Quick Take On Gold’s Drop, Oil’s Collapse And Worries About An Oil-Driven Credit Collapse
We all know that the major central banks around the world are on the same page when it comes to inflation: They want it higher. One member of the European Central Bank’s executive board, Yves Mensch, went so far as to suggest that Europe’s central bank might buy gold in an effort to ratchet up the inflation rate.
Today OPEC decided to take no action to stem the glut of oil depressing the price in global markets. The oil price is the chief driver of price inflation, thus with OPEC showing little interest in propping up the price, deflation starts to dominate market thinking. Thus the drop in various currencies – a miserable day for the British pound (the BoE is trying desperately to create inflation in the UK) – and the drop in gold.
CNBC ran a headline asking Could the oil collapse cause the next credit crisis? “It’s not just the Saudis who could get much poorer from the oil price free fall,” says CNBC. “Everyone could suffer if the collapse triggers a wave of defaults through the high-yield debt market, and in turn, hits stocks. The first to fall: the banks that were last hit by the housing crisis. Why could that happen? Well, energy companies make up anywhere from 15 to 20 percent of all U.S. junk debt, according to various sources.”
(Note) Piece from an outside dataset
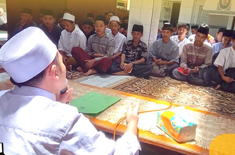Para siswa SMK Krian 1 Sidoarjo sangat antusias penuh makna saat mengikuti tausiyah dari para Kyai
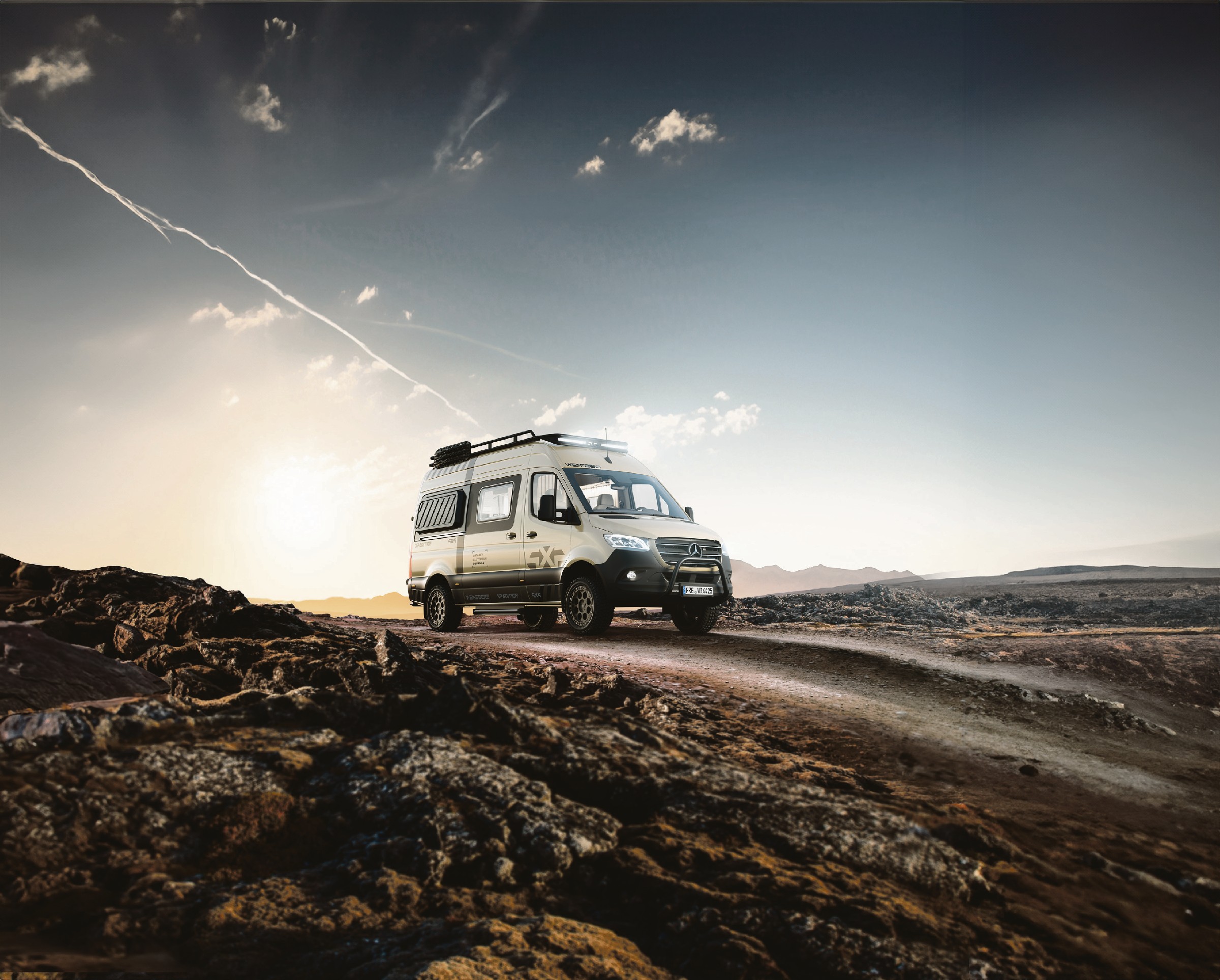 Mit dem robusten Reisemobil X-Pedition 600 MQ auf Mercedes-Sprinter-Basis will Weinsberg Abenteurer ansprechen. Das Fahrzeug wird bald in vier Expeditionsfarben verfügbar sein und besticht durch große Geländereifen, Dachgepäckträger, Frontschutzbügel sowie Reserverad und Gepäckträger am Heck. Das Bad enthält eine innovative Cleanflex-Trockentoilette. Allradantrieb und noch mehr Bodenfreiheit gibt es optional. Preise und Verfügbarkeit sind noch unbekannt.

Gold is always the canary in the coal mine when it comes to these sudden shocks in the financial marketplace. Its reaction is quick and visceral, but the first market reaction is not always the real reaction. That will come later. Those who are driving gold down today on the commodities exchanges forget that gold’s rise over the last several years (despite its interim downside correction) has been in response to disinflation, not inflation — and demand remains strong due to concerns about the stability of the financial system itself. Gold rose like a phoenix from the ashes of the last financial crisis because it is a store of value and a portfolio insurance policy, not because prices were about to bolt higher. The gold as an inflation hedge bias is group think minus the advantage of objective analysis and the correct reading of recent history.
If the latest oil shock – this time in a southerly direction – creates knock on effects, we will hear a great deal about systemic risks in the days and weeks ahead. Recall that gold at first went south in the crisis of 2007 and 2008 and then headed sharply higher as investors moved to shore up their portfolio’s against the possibility of a showdown on Wall Street and within the banking system.
We are in a much different situation today than we were back then and the system as a whole still suffers from the damage done by the last crisis. If a crisis were to hit today, it would start with a much weaker line-up on the playing field than the last time around. Keep in mind too that all of this has occurred because quantitative easing on a global basis simply has not worked.
We suspect that gold and silver demand will grow stronger even if the price weakens, or perhaps because the price weakens. Those who understand the virtues of gold ownership are not going to suddenly go to their national currencies, or the banking system, as a defense. They will go to gold and silver.